El periodismo no estaba en sus planes

Por la mente de Luis Emilio, en sus primeros años de vida, jamás pasó la idea de ejercer el periodismo. Por tener una gran destreza en los números, su interés estaba centrado en la ingeniería, en especial, la civil. Y así lo manifiesta:

“Sentía una férrea atracción por todo lo relacionado con el cálculo, la mecánica, la hidráulica y la física. En verdad quería explorar ese mundo y desentrañar sus misterios. La comunicación me era totalmente indiferente. No estaba en mis planes”.

Aconteció que en la época en que él se graduó de bachiller, en el Colegio Barranquilla (Codeba), por allá en 1972, no había en la capital del Atlántico una universidad que tuviera esa Facultad.

“Un familiar mío, en respuesta a mi inquietud, me dijo que por la carrera 43, con la calle 60 –en verdad no recuerdo la dirección con exactitud- había una corporación que ofrecía una carrera a fin con lo que yo quería. Me sugirió dirigirme hacia allá.
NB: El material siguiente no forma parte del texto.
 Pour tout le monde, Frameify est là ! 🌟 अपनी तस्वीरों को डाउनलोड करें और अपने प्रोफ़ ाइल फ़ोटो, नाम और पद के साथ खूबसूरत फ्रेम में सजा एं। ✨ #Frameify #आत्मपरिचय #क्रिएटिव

No lo pensé dos veces, pues nada perdería”, recuerda Luis Emilio.

Quiso matricularse para no perder tiempo, pero sobre todo con la esperanza de que en la medida en que avanzara, surgiera una universidad que abriera la Facultad de Ingeniería Civil. Era su esperanza.

Estuvo a punto de matricularse cuando un amigo le dijo que esa Corporación no estaba acreditada por el Ministerio de Educación, que era ‘pirata’. Desistió, de inmediato, de su propósito porque alguien le comentó que averiguara en la Universidad Autónoma del Caribe. Siguió la recomendación. Fue hasta allá y le hablaron de Comunicación Social. Acudió a la Facultad y encontró a un viejo amigo del bachillerato, en el Codeba que también iba a comenzar los estudios, y este le comentó acerca de lo prometedor que era esa carrera: Gilberto Marenco Better.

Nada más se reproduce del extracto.